Juru Bicara Gugus Tugas Percepatan Penanganan Covid-19 Kota Langsa, Yanis Prianto, Sabtu (4/4/2020) mengatakan, hingga pukul 12.00 siang status ODP Kota telah mengalami penurunan menjadi 9 orang.
"Jadi, ada penurunan 3 ODP dari tanggal 1 April 2020 yaitu 12 ODP. Tiga orang ini sudah tidak berstatus ODP lagi karena telah melewati masa pemantauan 14 hari," jelasnya.
Yanis menambahkan, untuk Pasien Dalam Pengawasan (PDP) di Kota Langsa sampai saat ini tidak ada atau nihil.
Sedangkan Orang Tanpa Gejala (OTG) meningkat menjadi 239 orang atau bertambah 32 orang, dibandingkan tanggal 1 April lalu yaitu hanya 207 orang.
• Cegah Covid-19, Perawat dan Tim Kesehatan Akan Ditugaskan ke Setiap Desa di Aceh Selatan
• Update Corona di Aceh, 1.176 Orang Dalam Pemantauan, 52 Dalam Pengawasan, 5 Orang Positif COVID-19
• Di Filipina, Perawat Gunakan APD Telettubies dalam Merawat Pasien Covid-19
Dia menjeskan, OTG (Orang Tanpa Gejala) adalah orang yang tidak bergejala dan memiliki risiko tertular dari orang positif Covid-19.
Sedangkan ODP (Orang Dalam Pemantauan) adalah orang yg mengalami demam (>=38°C) atau riwayat demam, atau gejala gangguan sistem pernafasan.

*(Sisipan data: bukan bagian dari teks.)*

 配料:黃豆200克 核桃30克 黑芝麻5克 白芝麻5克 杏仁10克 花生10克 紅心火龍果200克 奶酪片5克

Seperti pilek/sakit tenggorokan/batuk, dan pada 14 hari terakhir sebelum timbul gejala memiliki riwayat perjalanan atau tinggal di negara/wilayah yang melaporkan transmisi lokal, dan atau sebelum timbul gejala memiliki riwayat kontak dengan kasus konfirmasi atau probabel Covid-19.

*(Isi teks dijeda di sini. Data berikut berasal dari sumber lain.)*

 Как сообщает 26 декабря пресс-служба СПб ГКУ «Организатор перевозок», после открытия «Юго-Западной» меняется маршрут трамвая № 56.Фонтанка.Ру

Sementara PDP (Pasien Dalam Pengawasan) adalah orang yang dengan infeksi saluran pernafasan akut (ISPA) yaitu demam (>=38°C) atau riwayat demam disertai salah satu gejala/tanda penyakit pernafasan.
Dan pada 14 hari terakhir sebelum timbul gejala memiliki riwayat perjalanan atau tinggal di negara/wilayah yang melaporkan transmisi lokal, dan atau sebelum timbul gejala memiliki riwayat kontak dengan kasus konfirmasi atau probabel Covid19.
Orang dengan ISPA berat/pneumonia berat yang membutuhkan perawatan di Rumah Sakit, dan tidak ada penyebab lain berdasarkan gambaran klinis yang meyakinkan. (*)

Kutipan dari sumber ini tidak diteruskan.